Par une ordonnance du 9 juin 2022, la juge des libertés et de la détention (JLD) du tribunal judiciaire de Bordeaux a décidé d’ordonner la mainlevée du placement en unité pour malades difficiles (UMD) de Romain Dupuy, tout en autorisant son maintien en hospitalisation complète et fermée. Le parquet a décidé de faire appel de cette décision et conteste au juge le droit de contrôler les décisions préfectorales.

Tristement connu pour avoir tué dans des conditions qui ont suscité l’effroi deux infirmières de Pau, Romain Dupuy est, depuis 2005, hospitalisé d’office et placé au sein d’une UMD sur seule décision préfectorale. Sa vie est ainsi suspendue aux contraintes exceptionnelles de cette unité réservée aux situations les plus difficiles. Depuis 2018, il bénéficie d’avis médicaux favorables à sa sortie de l’UMD pour rejoindre l’hospitalisation fermée classique où, tout en restant sous ce régime, il bénéficierait d’une plus grande liberté. Pourtant, la préfecture refuse d’ordonner son placement en service de soin psychiatrique ordinaire et continue de le maintenir dans une unité particulièrement contraignante. Jusqu’à présent, les juges avaient estimé que la décision de placement en UMD relevait exclusivement des pouvoirs du préfet. La jurisprudence excluait ainsi la compétence du juge administratif et le pouvoir du juge judiciaire de contrôler le choix de la mesure de placement en UMD.

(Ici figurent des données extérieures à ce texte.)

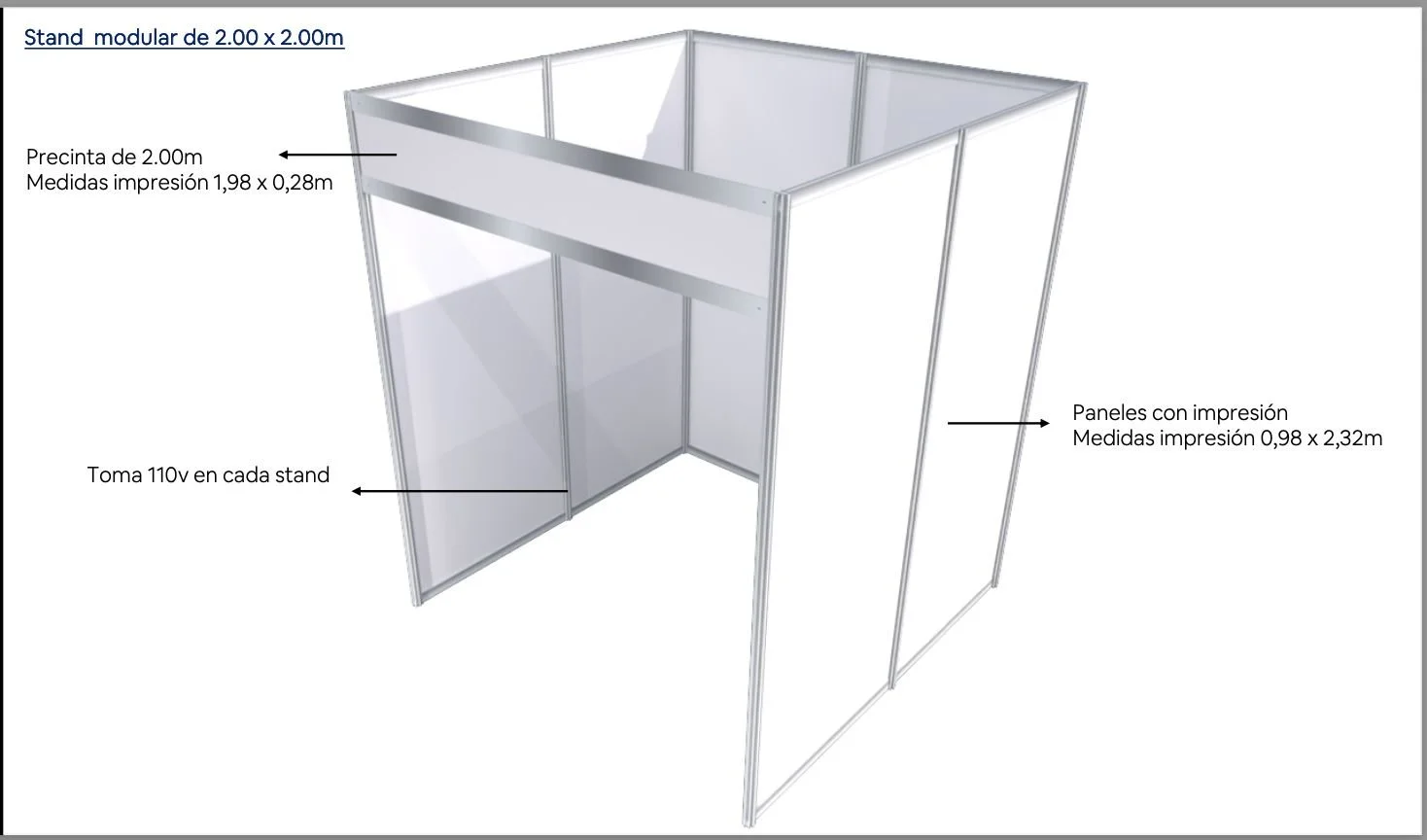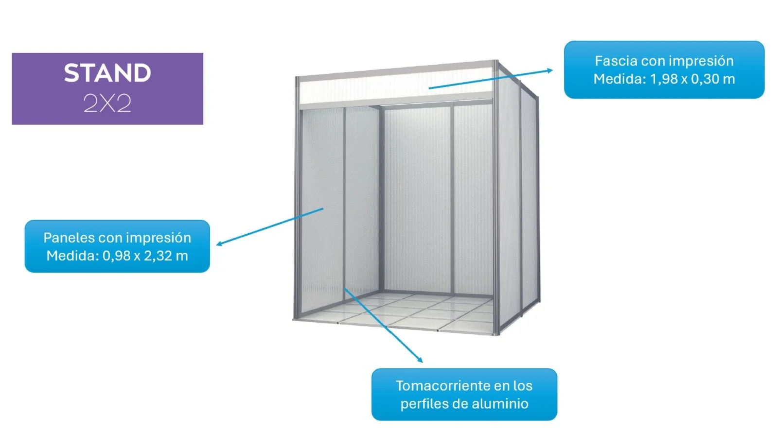 📐 Importante: Las medidas de los stands pueden variar ligeramente según el proveedor. Por eso, le recomendamos consultar la guía de tamaños específicos para cada empresa que encontrará a continuación.
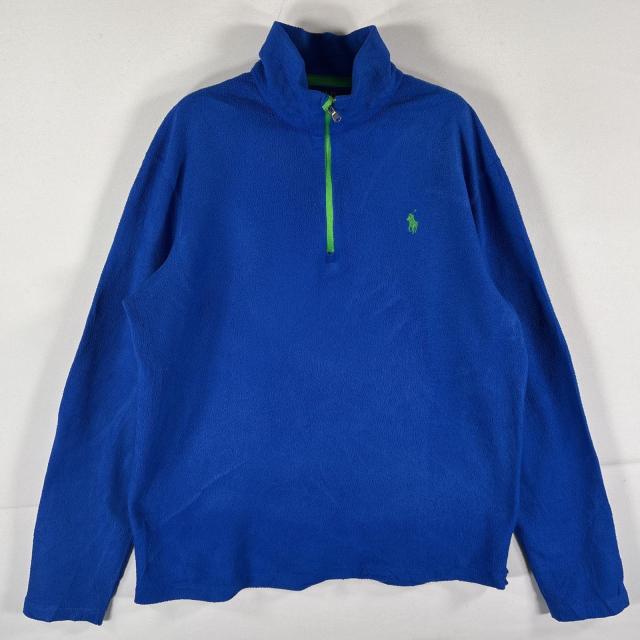 古着 ポロ・ラルフローレン POLO RALPH LAUREN フリーストレーナー ハーフジップ ワンポイントロゴ刺繍 M ブルー メンズ

En vertu de l’article L3211-12 du Code de la santé publique, le juge judiciaire est compétent pour ordonner la mainlevée de la mesure d’hospitalisation complète mais la loi est silencieuse sur la possibilité de levée de la mesure de placement en UMD. En dépit d’avancées significatives adoptées récemment, sous la contrainte de la jurisprudence de la Cour européenne des droits de l’Homme, en matière d’isolement et de contention, le législateur n’a pas prévu de contrôle plein et entier du juge sur les mesures de placement en UMD. Pourtant un tel contrôle, que la loi n’exclut pas, paraît seul à même de faire respecter les droits fondamentaux des personnes hospitalisées. Les conventions internationales exigent un tel contrôle pour empêcher les traitements inhumains et dégradants. Pour être pleinement respectueuse des droits et libertés, la décision de placement en UMD doit s’effectuer sur avis du corps médical et sous le contrôle du juge. Une position contraire ne laisserait ainsi d’autre choix aux juges que de lever totalement les mesures d’hospitalisation d’office. La décision de la JDL du tribunal judiciaire de Bordeaux, prise en dépit des pressions potentielles de l’opinion publique, relève ainsi d’un équilibre qui permet d’assurer le respect des droits des personnes hospitalisées.

La Ligue des droits de l’Homme (LDH) salue le sens de cette décision ouvrant la voie au contrôle nécessaire par le juge judiciaire des mesures de placement en UMD. Une décision qui doit bénéficier à toutes les personnes hospitalisées d’office et devenir la norme.